第九話
――鬼頭。
それは代々吸血鬼狩りを生業としてきた一族である。始まりは戦国時代から、力を持っていた吸血鬼の勢力を討滅することによりこの国で権力を握ったらしい。現在では吸血鬼などという存在は、多くの人々の記憶から消し去られている。吸血鬼狩りの生業はそのままに、いまや裏の稼業へとなりつつある。
歴史なんていうものは、大抵の場合つまらないものだ。かつての人間界での権力は失われ、人里離れた辺境の地に隠れ住んでいる。しかし鬼殺しの力は現代まで受け継がれている。私の実の兄、鬼頭景道は鬼頭の正当血統、ゆくゆくは当主へと成るだろう人間である。既に他の大人達と変わりない働きをしていると聞く。
そんな兄は私にいつも言っていた。
「お前は無知で。弱く馬鹿だ。そんなお前は何を望むことも、思うこともなくただそうしていろ」
その言葉が、兄の私に対する全てだった。私にとって兄は、憎むべき対象でしかなかった。しかし兄は鬼頭として、父にとって相応しい人間となっていった。落ちこぼれの私など、誰も必要としない。規律を守り努力を惜しまず家のために一心に尽くす兄は、父のお気に入りだった。
そんな兄が今ここにいたら、私になんて言うだろうか。きっとまた怒られるに違いない。
私が毎日のように受けていた”教育”は、奴らについてのことである。その歴史、吸血鬼の悍ましさ、禍々しさ、恐ろしさを嫌というほど言われてきた。吸血鬼は屠るべき悪。情け容赦無く断罪すべき害悪。そこに情けをかけることなどあってはならない。
奴らは亡者である。自らがそこへと堕ちるだけならまだしも、他の者までそこへと引きずりこもうとする。卑しく現世への未練のために害悪を撒き散らす畜生。決してそれを許してはならない。この世に吸血鬼が存在する限り、永遠に世の平静は訪れない。

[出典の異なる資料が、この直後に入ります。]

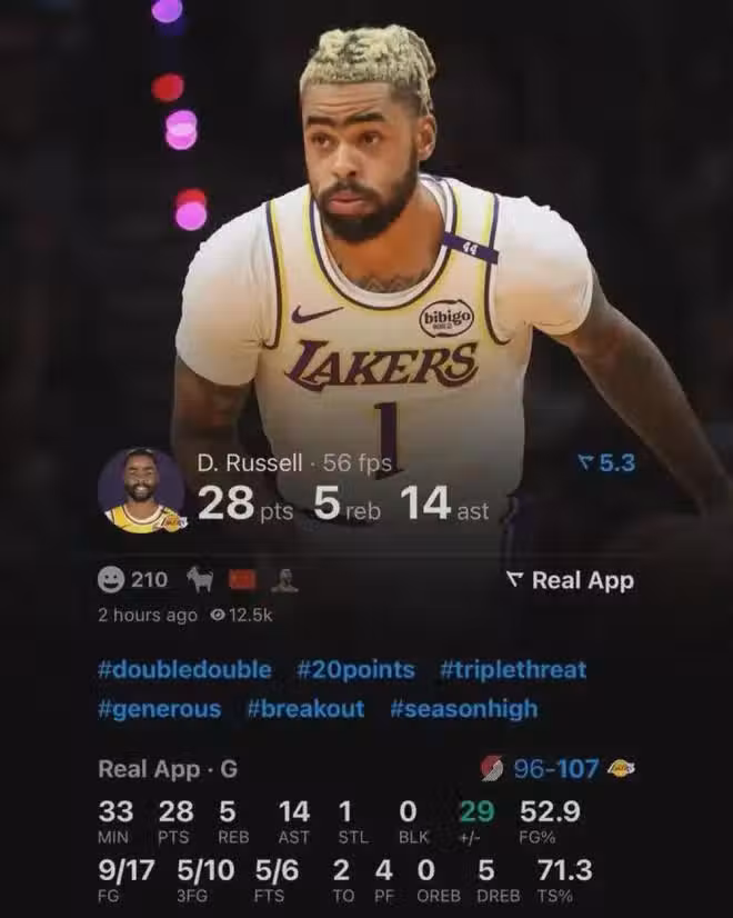 再據美媒火上澆油般的數據統計,上賽季當詹姆斯同樣休戰時的11場比賽,拉塞爾場均能狂轟21.7分10.8助5.6板1.4斷,三分命中率41%,期間湖人戰績6勝5負......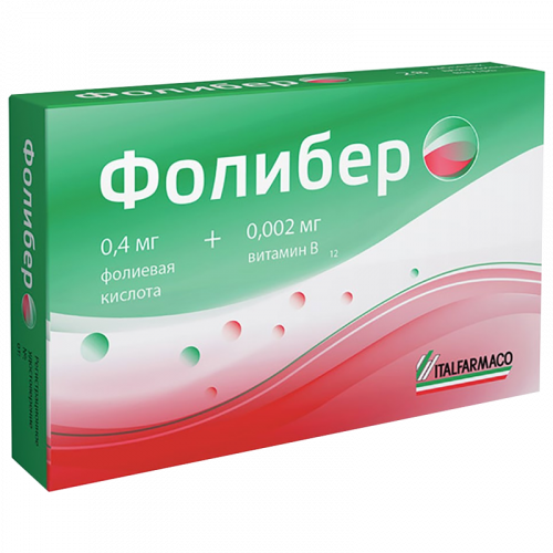 Фармакологическое действие препарата Фолибер заключается в том, что его применение позволяет преодолеть метаболическую блокаду, которая наблюдается у матерей детей с дефектами нервной трубки. Специфическая природа этой метаболической блокады заключается в метаболизме незаменимой аминокислоты метионина, при котором фолат и витамин В12 являются ключевыми элементами, поскольку они ответственны за повторное метилирование гомоцистеина в метионин. 400 мкг фолиевой кислоты является минимальной эффективной суточной дозой, рекомендованной Центрами по профилактике заболеваний (США, Великобритания, Австралия) здоровым женщинам в качестве дополнительного суточного потребления для предупреждения развития дефектов нервной трубки у плода.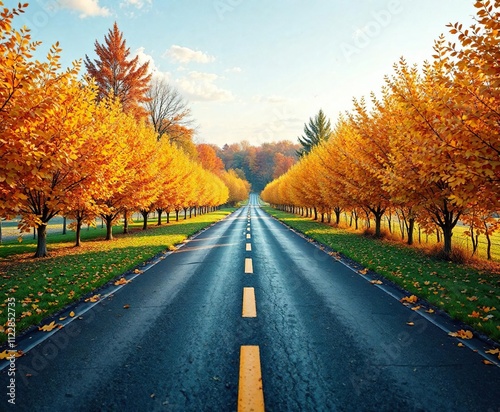 © Prasert, Obraz premium Yellow and orange leaves lining a country driveway, yellow, tree

その昔人間は、吸血鬼の圧倒的な力の前になすすべなく駆逐されていった。誰もが生まれてきたこの世界を憎み、恨み、呪った。そんなときに現れた。吸血鬼に対抗しうる力を持った人間。彼は引き連れた僅かな従者とともに摩訶不思議な力を使い、瞬く間に奴らを屠っていった。それが鬼頭の始まりである。
私の体にはその血が流れている。鬼殺しの鬼頭の血が。
そんなものは何も望んでいないのに。
私が望んでいるのは大げさなことでは何もない。ただ普通で些細なことなのだ。どこにでもいる普通の少女として生き、この世界を見晴らしの良い場所から見渡すこと。ただそれだけだった。
ただそれだけ、だったのに。
これは後にあのようなことになってしまう前に、私が”私”であるうちに残した遺言のようなものだ。いや、この時はすでに私は”私”でなくなり始めているときかもしれない。私にもわからない。そうなるということが、よくわからない。
しかし今は、どことなく気が晴れたような思いだった。鬱屈した心の底から、透明感のある風が吹き抜けていくかの様である。なぜ私はあんなことで苦しみ、傷つき、思い悩んでいたのだろう。日常という現実という世界が乖離していき、そこに新たな記憶や感覚や感情が折り重なりもう一つの私を構築していく。
これが彼らの世界なのだろう。気のせいか、差し込む光がいつもより眩しい。肌がじりじりと痛む。全身を巡る血が熱い。熱いあついあついあついあつい。
きっとこれから始まるのは終わりの物語だ。私という存在が、音を立てて崩れていくだけの物語。そこには終わりだけがあり、ただひたすらに終わっていく。闇へと堕ちていく、暗闇へと混ざりゆく。
全てが終わったとき、私がどうなっているのかは分からない。しかしそれでも私はこの道を行くだろう。彼の辿った道を行くだろう。修羅の道を。光の差さない道を。
そこにどんな結末が待ち受けていたとしても。それに私は逢いに行くだろう。
もう誰ともしれないこの血みどろの体と心のままで。